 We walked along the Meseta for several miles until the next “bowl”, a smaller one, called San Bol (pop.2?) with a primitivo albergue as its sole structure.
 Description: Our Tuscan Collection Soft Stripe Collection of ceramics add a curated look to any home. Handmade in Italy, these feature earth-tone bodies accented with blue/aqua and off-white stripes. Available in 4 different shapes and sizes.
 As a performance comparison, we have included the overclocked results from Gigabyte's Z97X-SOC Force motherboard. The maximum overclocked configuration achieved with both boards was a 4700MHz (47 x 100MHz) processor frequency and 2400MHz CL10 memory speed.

════

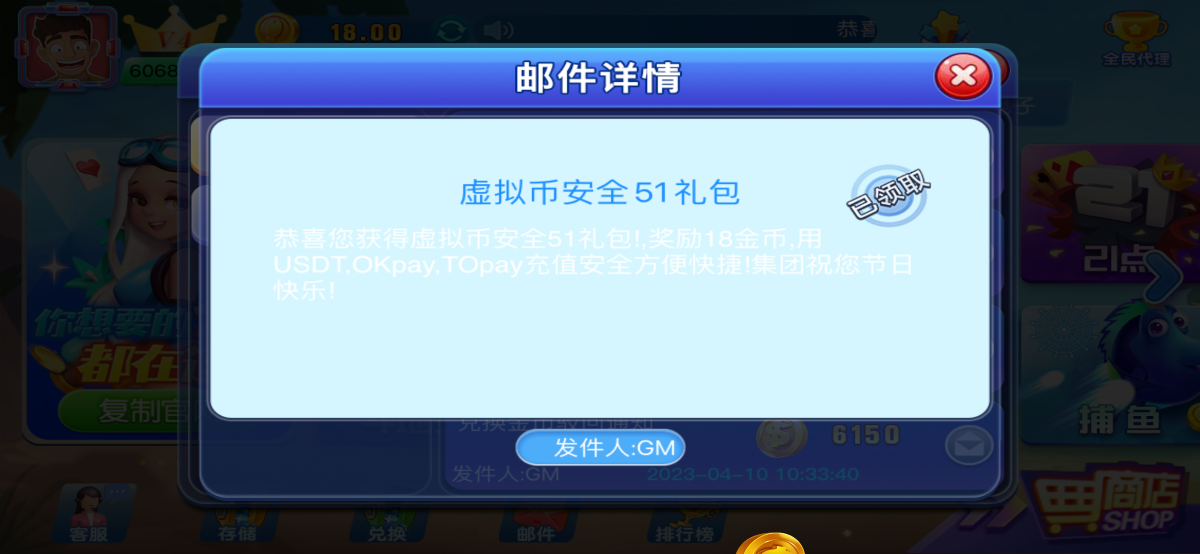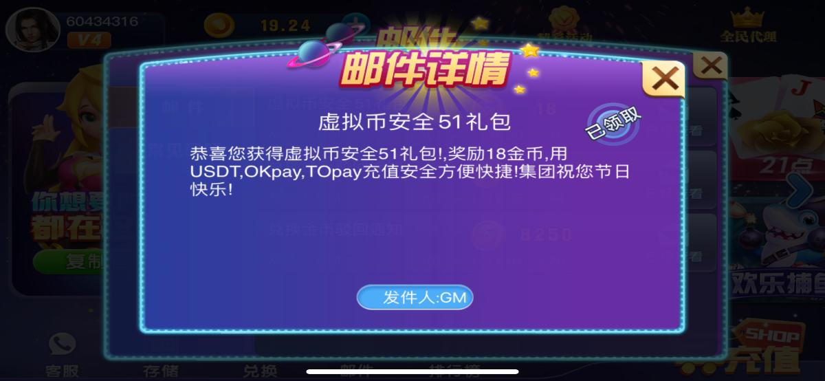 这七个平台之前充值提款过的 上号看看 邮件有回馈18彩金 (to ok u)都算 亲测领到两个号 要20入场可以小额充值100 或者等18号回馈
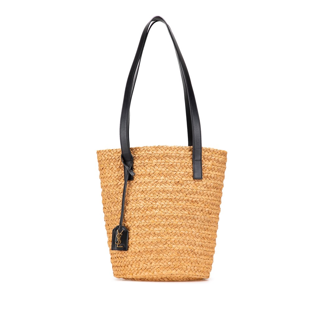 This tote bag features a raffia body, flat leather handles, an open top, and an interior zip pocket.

════

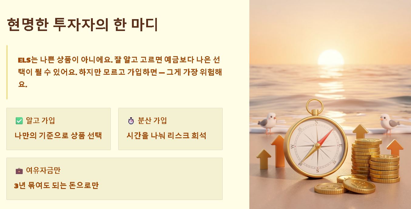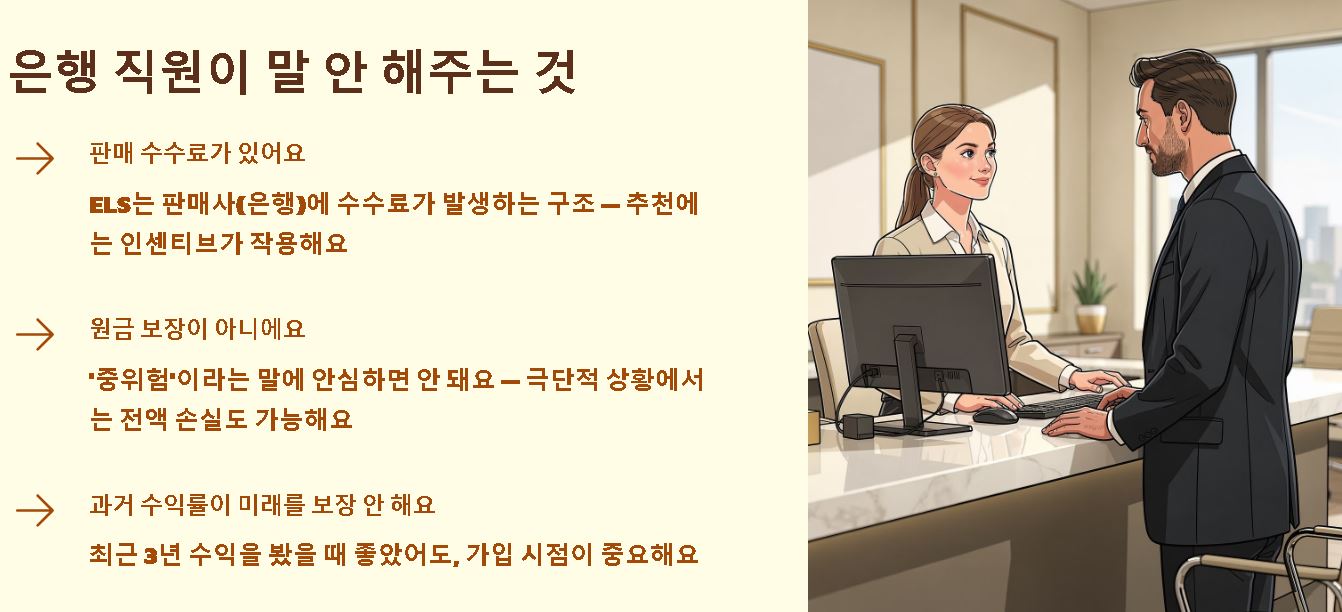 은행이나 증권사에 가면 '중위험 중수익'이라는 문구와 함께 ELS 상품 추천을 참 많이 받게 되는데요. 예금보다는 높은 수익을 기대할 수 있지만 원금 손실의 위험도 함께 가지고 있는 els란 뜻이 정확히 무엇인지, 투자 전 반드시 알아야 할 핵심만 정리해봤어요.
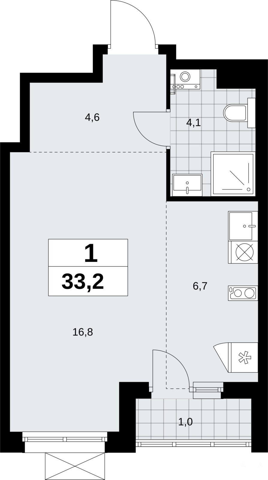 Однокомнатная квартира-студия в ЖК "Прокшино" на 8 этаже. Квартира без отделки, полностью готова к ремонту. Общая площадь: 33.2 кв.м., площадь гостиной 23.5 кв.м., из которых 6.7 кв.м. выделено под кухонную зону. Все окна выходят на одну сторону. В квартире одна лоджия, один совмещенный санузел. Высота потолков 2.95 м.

════

Assigned task: Repeat, without pictures, exactly the lines of the data above from the one containing "은행이나 증권사에 가면" through the one containing "Однокомнатная квартира-студия в", including both and adding nothing.

Finished exercise:
 은행이나 증권사에 가면 '중위험 중수익'이라는 문구와 함께 ELS 상품 추천을 참 많이 받게 되는데요. 예금보다는 높은 수익을 기대할 수 있지만 원금 손실의 위험도 함께 가지고 있는 els란 뜻이 정확히 무엇인지, 투자 전 반드시 알아야 할 핵심만 정리해봤어요.
 Однокомнатная квартира-студия в ЖК "Прокшино" на 8 этаже. Квартира без отделки, полностью готова к ремонту. Общая площадь: 33.2 кв.м., площадь гостиной 23.5 кв.м., из которых 6.7 кв.м. выделено под кухонную зону. Все окна выходят на одну сторону. В квартире одна лоджия, один совмещенный санузел. Высота потолков 2.95 м.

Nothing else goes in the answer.